The National Park Service with assistance from area tribes removed the paint, however residue remains on the petroglyph panels.
From the U.S. Attorney Press Release:
David R. Smith, 21, of Bullhead City, AZ, was sentenced by U.S. District Judge Philip M. Pro following a two-hour sentencing hearing in which members of six different Colorado River Indian Tribes addressed the court. Judge Pro also ordered that Smith serve one year of supervised release and perform 50 hours of community work service. Smith pleaded guilty on May 18, 2011, to unlawful defacement of an archeological resource, a felony violation of the Archaeological Resources Protection Act.

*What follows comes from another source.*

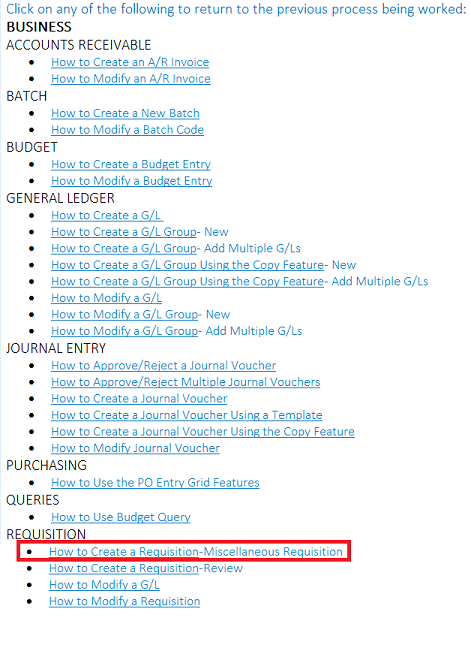 Note: Some general functions or processes in the list will have the same name but extra information as well (i.e. How to Create a Requisition- Miscellaneous Requisition and How to Create a Requisition- Review). This is because the option to select a G/L appears in the How to Create a Requisition process more then once and to ensure the user is being brought back to the next step in the process, they need to click the correct option. In this case, the user will select How to Create a Requisition- Miscellaneous Requisition.

In pleading guilty, Smith admitted that while he was in Grapevine Canyon on March 19, 2010, he shot paint-ball pellets at Native American rock art panels and petroglyphs. The Canyon lies within the Lake Mead National Recreational Area, and is just west of Laughlin, Nevada. The area contains over 700 petroglyphs and numerous rock shelters, and is listed on the U.S. Department of the Interior National Register of Historical Places. Smith admitted that when he entered Grapevine Canyon, he passed signs stating that it contained cultural resources and that it was illegal to damage and deface them. Smith also admitted that he knew that the petroglyphs were important to Native Americans. Smith used a fully automatic paint-ball gun and oil-based pellets to shoot at the petroglyphs. Approximately 38 areas containing petroglyphs were defaced, and hundreds of paint balls were scattered and recovered from the Canyon. A National Park Service Ranger responded to the scene, following a report that persons were in the Canyon with spray paint. Smith was with two other individuals, one of whom was a 12-year-old boy.
Colorado River Indian Tribes view the Grapevine Canyon area as sacred and believe it is the birthplace of many Colorado River Indian Tribes. Archeologists believe that the area has been inhabited and used by humans for at least 1100 years.
This investigation was conducted by the United States Park Service, and was prosecuted by Assistant United States Attorneys Kathleen A. Bliss and Nadia J. Ahmed.